2 (Repeatable but Intuitive)	There is an informal change management process in place and most changes follow this approach; however, it is unstructured, rudimentary and prone to error. Configuration documentation accuracy is inconsistent and only limited planning and impact assessment takes place prior to a change. There is considerable inefficiency and rework.
3 (Defined Process)	There is a defined formal change management process in place, including categorisation, prioritisation, emergency procedures, change authorisation and release management, but compliance is not enforced. The defined process is not always seen as suitable or practical and, as a result, workarounds take place and processes are bypassed. Errors are likely to occur and unauthorised changes will occasionally occur. The analysis of the impact of IT changes on business operations is becoming formalised, to support planned rollouts of new applications and technologies.
4 (Managed and Measurable)	The change management process is well developed and consistently followed for all changes and management is confident that there are no exceptions. The process is efficient and effective, but relies on considerable manual procedures and controls to ensure that quality is achieved. All changes are subject to thorough planning and impact assessment to minimise the likelihood of post-production problems. An approval process for changes is in place. Change management documentation is current and correct, with changes formally tracked. Configuration documentation is generally accurate. IT change management planning and implementation is becoming more integrated with changes in the business processes, to ensure that training, organisational changes and business continuity issues are addressed. There is increased co-ordination between IT change management and business process re-design.

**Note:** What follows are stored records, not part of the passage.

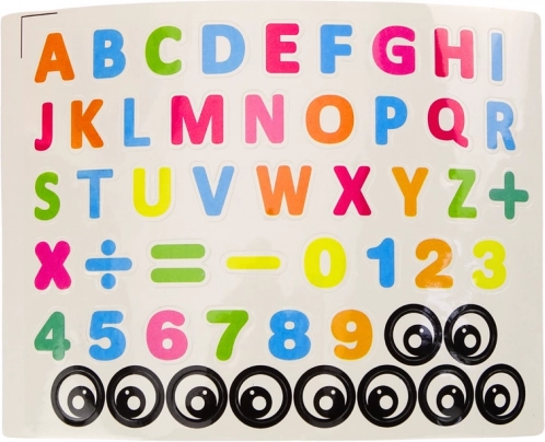 - Elementy edukacyjne – naklejki z literami i cyframi
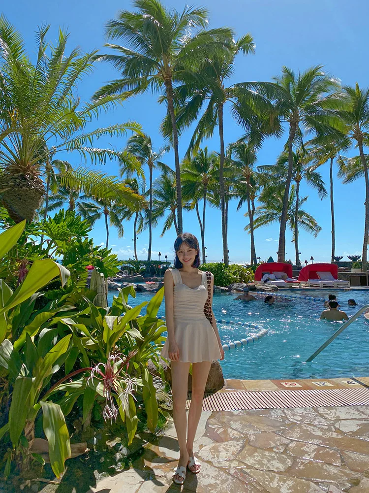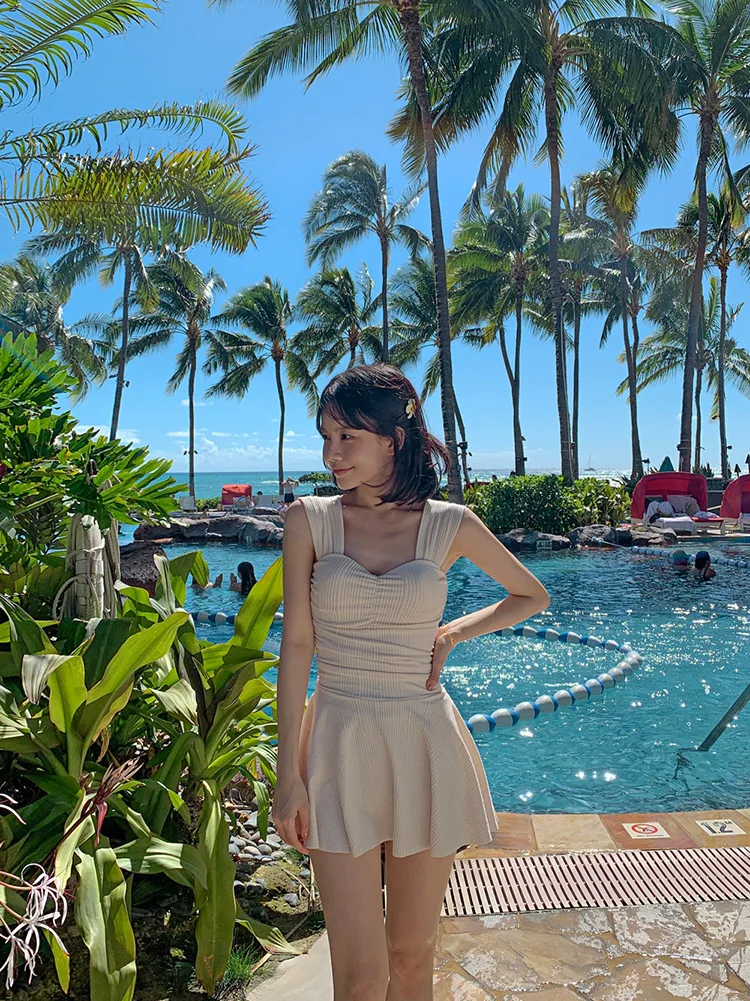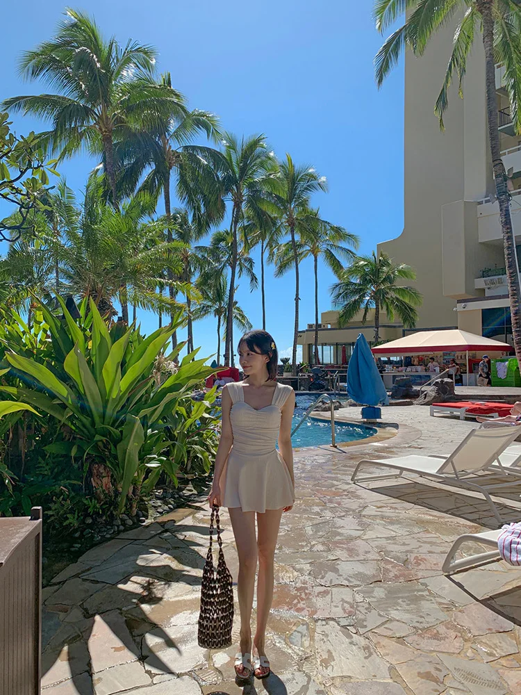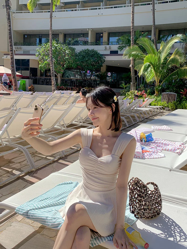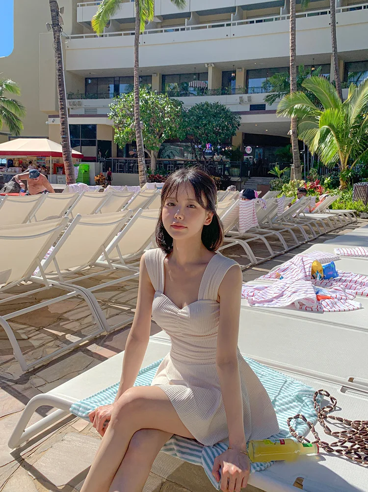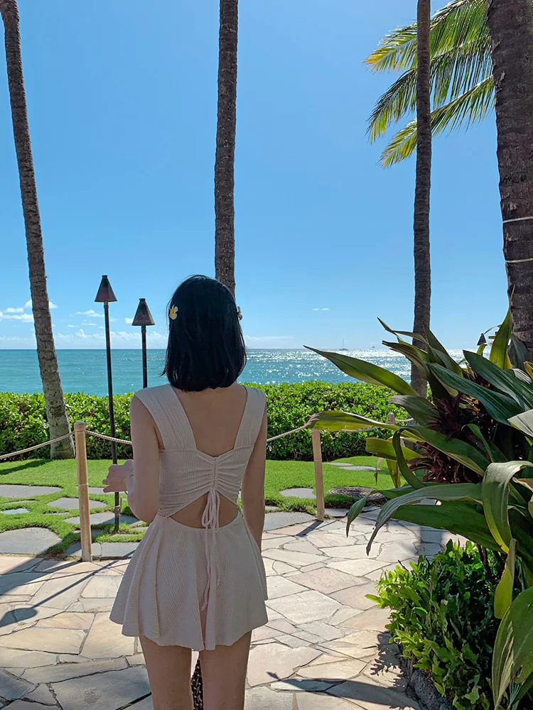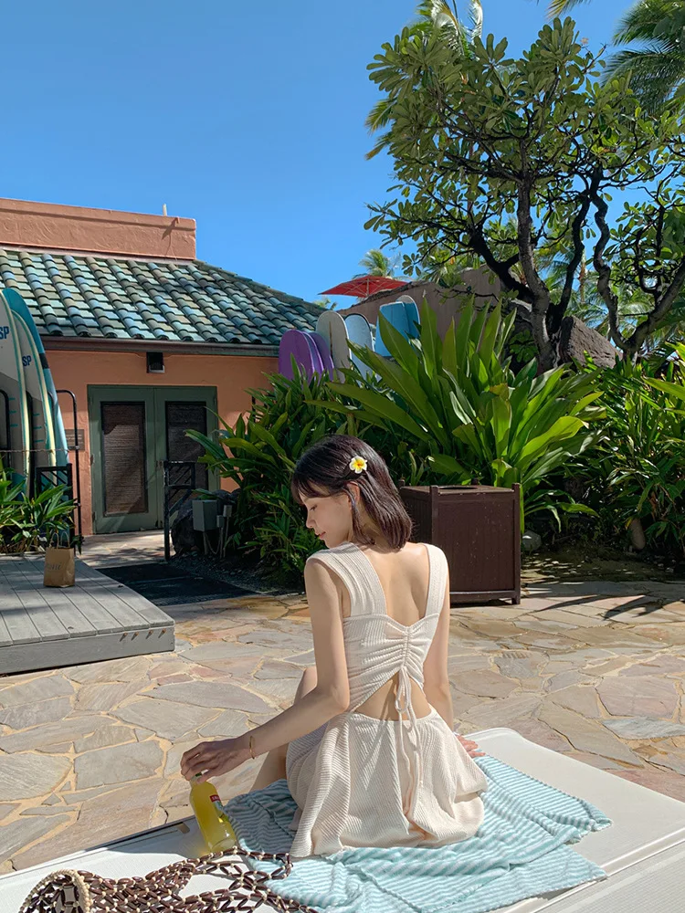 여성을위한 보수적 인 원피스 수영복 섹시 슬리밍 배꼽 커버 Ins Fairy Hot Spring 수영복 캐주얼 민소매 수영복
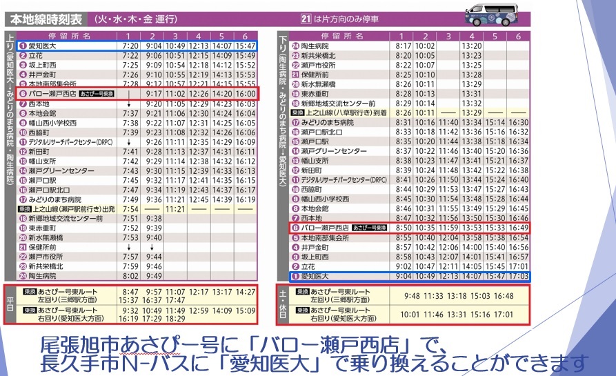 コミュニティバス本地線では、下記のとおり「バロー瀬戸西店」で尾張旭市あさぴー号に、
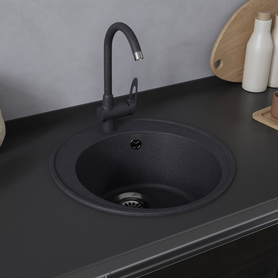 Кварцевый композит является поистине инновационным материалом в производстве кухонных моек! Он сочетает в себе такие неоспоримые преимущества как повышенная влагостойкость и термостойкость, возможность придать мойке при изготовлении практичный и функциональный дизайн, увеличенное сопротивление внешнему износу, снижение уровня шума при падении струи воды, безусловная гигиеничность и простота в уходе, а также сравнительно малый вес при высокой прочности.

5 Optimized	The change management process is regularly reviewed and updated to keep in line with best practices. Configuration information is computer based and provides version control. Software distribution is automated and remote monitoring capabilities are available. Configuration and release management and tracking of changes is sophisticated and includes tools to detect unauthorised and unlicensed software. IT change management is integrated with business change management to ensure that IT is an enabler in increasing productivity and creating new business opportunities for the organisation.